Michael was born in Allentown, Pennsylvania. In 2001, he became a founding member of a boy band called B3, alongside Tim Cruz and John Steven Sutherland. Rod Michael left the band at end of 2002 and was replaced by Blair Madison Late. Michael had recorded with them First, their most successful album that went gold in Germany. B3's biggest hit was "I.O.I.O.", a cover of a Bee Gees song that was #4 in Germany in 2002 and was in charts in many European and Asian countries (including Austria, Switzerland, Poland, Hungary, the Czech Republic, Thailand).

==Solo career==
At the end of 2002, Rod Michael went solo. In June 2003, he released his first solo single "My Prerogative", a cover of the Bobby Brown song. Then, in 2004, he released his second single under BMG "someday". The same year, he released the album "The Next Episode", however, due to repercussions from leaving B3, the label refused to promote it. Because of this, he cut ties with the label and went back stateside to restart his career in the U.S. He has written more than 60 original songs.

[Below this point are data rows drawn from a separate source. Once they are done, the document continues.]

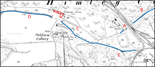 Figure 9 is the Ordnance Survey map of 1882. The situation can be seen to have changed completely with the topography being much changed by mining and other industrial activities and the development of the railway network. The Coppice Mill buildings (A) , and the Coppice Mill pool no longer exists (B), although there is a stream running through its location that runs underground to a junction with Himley Brook. In place of the mill there is a branch of the Earl of Dudley’s railway. Similarly, the Oak Mill pool is now longer visible (C), and the Himley Brook has been channeled, and west of the Oak Farm Mill (now named the Glynne Arms) runs along the old Oak Farm Mill race (D). The eastern end of the Himley brook now presumably runs underground (E). The original (southern) Oak Fam Mill building is no longer visible.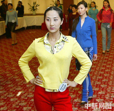 變性人劉小靜與其他參賽選手們練習(xí)臺步,她們?yōu)橹袊讓谜涡〗愦筚愖鲎詈笠淮尾逝。整形是世界選美的一大禁忌,而19名參賽選手將于12月18日在北京角逐全國“人造美女”稱號。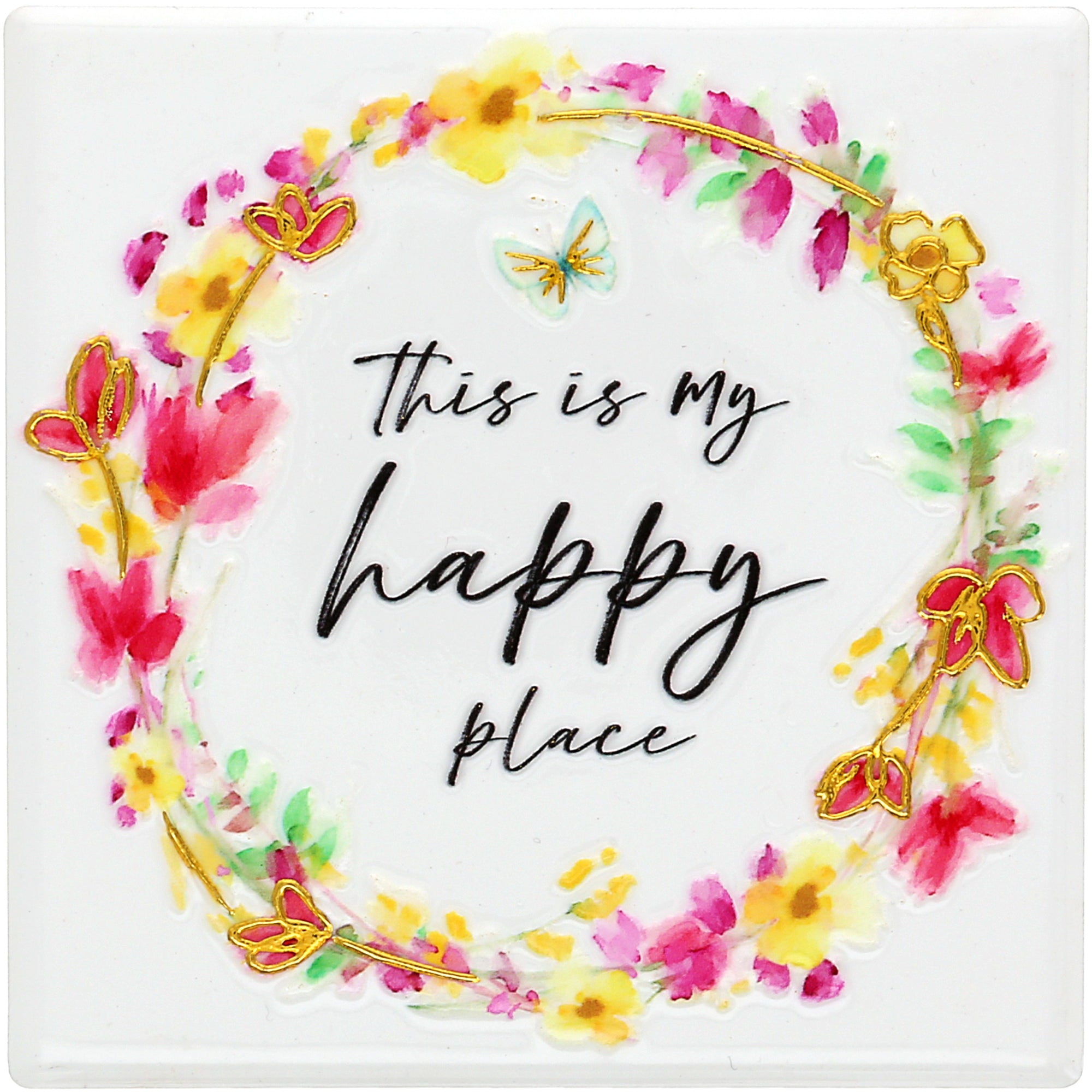 - PREMIUM QUALITY: Made from ceramic with a glossy, raised finish and gold accent text, this 4" x 4" coaster features a cheerful wreath of colorful florals surrounding the words “This is my happy place.” The cork backing adds stability and protection against scratches and spills.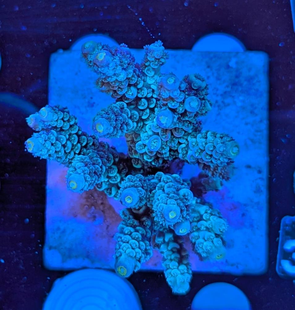 Please note that coral variations in form and color can occur in the original photo. Changes in color may also result from transport or due to the color representation on the computer screen . Our corals are lit with Radions G4 Pro and are photographed in these conditions. The colors of the animals may vary from our photos when placed in your aquarium, depending on the type of lighting used.

After success in Europe, in January 2008, 1720 Entertainment distributed his first solo US release, titled "Knight in Shining Armor". This song was notably played on SiriusXM, reached markets across the US and hit the hot 100. Furthermore, the track became popular in the internet underground RnB scene, giving Michael credibility as he shed the boy band title and grew into a solo artist.

==The Voice==
Michael took part in the blind auditions for the third season of the American singing competition The Voice. His audition was broadcast on October 1, 2012 on the last day of the blind auditions. He sang "Please Don't Go", a Mike Posner song. Michael was eliminated. The judges said Michael sounded great, but too much like the original and did not feel it was a strong song choice.

==Discography==

===Albums===
- with B3:
  - First (February 2002)
- Solo Albums
  - The Next Episode (March 2004)
1. Intro feat. Caramel (01:14)
2. Someday (03:53)
3. Sadie (04:02)
4. My Prerogative feat. Caramel (04:09)
5. Dirty Love feat. Silvashado & Caramel (03:40)
6. X Boyfriend (03:21)
7. Here Comes Love Again (03:18)
8. The Way U Are (03:38)
9. Supernatural (03:10)
10. Song 4 U (03:02)
11. Nothing But Trouble (03:06)
12. Dreams (03:09)
13. Show U The Way (02:41)
14. When I Think Of U (06.55)

===Singles===
- Singles with B3:
  - "You Win Again" (2001)
  - "Nightfever" (2002)
  - "I.O.I.O." (2002)
- Solo singles
  - "My Prerogative" (May 2003) (CD)
  - "Someday" (2004) (CD)
  - "Knight in Shining Armor" (2008)
- Collaborations
  - Can't Believe It (T-Pain featuring Rod Michael)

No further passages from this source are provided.